Conventional doctors are schooled in using pharmaceuticals but not herbals, homeopathics, or other forms of more gentle treatment. The cynical part of me would refer back to point #1 about the monetary basis of healthcare. Pharmaceutical companies have huge amounts of profit at stake and put a lot of attention on promoting their products to both patients and doctors. They position pharmaceutical drugs as the only solution to health problems.

Sanity strategies…

  • Be clear about your health biases and preferences. This helps you find the most suitable practitioners for you. For example, if you prefer prescription drugs only as a last resort, ask questions to find out if that is your doctor’s philosophy. If it isn’t, you can decide how you’ll manage that with your doctor or if you’ll look for another who’s a better match. It’s not a question of right or wrong, but whether there’s a fit or not.
  • Assemble a team of practitioners. A family physician is a must. He or she has a unique knowledge base, is able to prescribe pharmaceuticals if you need them, and is your access to the system including hospitals and labs. Other possibilities for your team include a medical doctor with functional training, a naturopathic doctor, Ayurvedic doctor, chiropractor, nutritionist, physiotherapist, Chinese medicine doctor, acupuncturist, massage therapist, psychologist, and energy practitioner.
  • Seek out practitioners before you are in a health crisis, if possible. Consult friends with similar values and preferences for recommendations. You can also find on-line reviews in some cases.
  • Arrange for an introductory meeting. My current GP booked a “meet and greet” appointment with me when I enquired about becoming a patient in her practice. These days there is more emphasis on the patient-doctor relationship. I think it’s fair on both sides to meet before diving in so there is the space to develop rapport.

3. Your doctor is confined by the system – e.g. office policies and constraints of the insurance plan that covers your care.

This system can be a brutal workplace for your doctor. In the following video, a family physician shares her experience. This was filmed at Dr. Pamela Wible’s physician retreat. Pamela Wible is a medical doctor who has humanized her medical practice and is on a mission to reduce physician suicide.

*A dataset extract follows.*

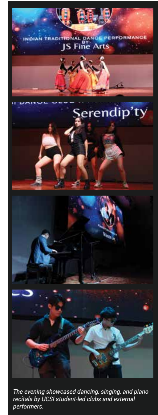
The evening showcased dancing, singing, and piano recitals by UCSI student-led clubs and external performers.

The night was filled with captivating performances, including a traditional Indian dance called "Kolattam" by JS Fine Art, a hip-hop dance performance by The Type X Clan, piano recitals by the talented Winson Lee, beautiful dance choreography by Serendip'ty of UCSI Dance Club and a lively performance by the UCSI H.O.T Band.

This doctor is not alone in her experience. In 2014, Atlantic Magazine investigated the issue of disillusioned doctors. According to “Doctors Tell All—and It’s Bad”

…students (like the doctors they will become) are overworked and overtired, and they realize that there is too much work to be done in too little time. And because the medical-education system largely ignores the emotional side of health care…doctors end up distancing themselves unthinkingly from what they are seeing.

Dr. Daniel Friedland is addressing the issue by providing conscious leadership and resiliency training for healthcare providers. He, like Dr. Wible, is doing his best to help his colleagues navigate the broken system without being broken by it. The question is, just who is fixing the system?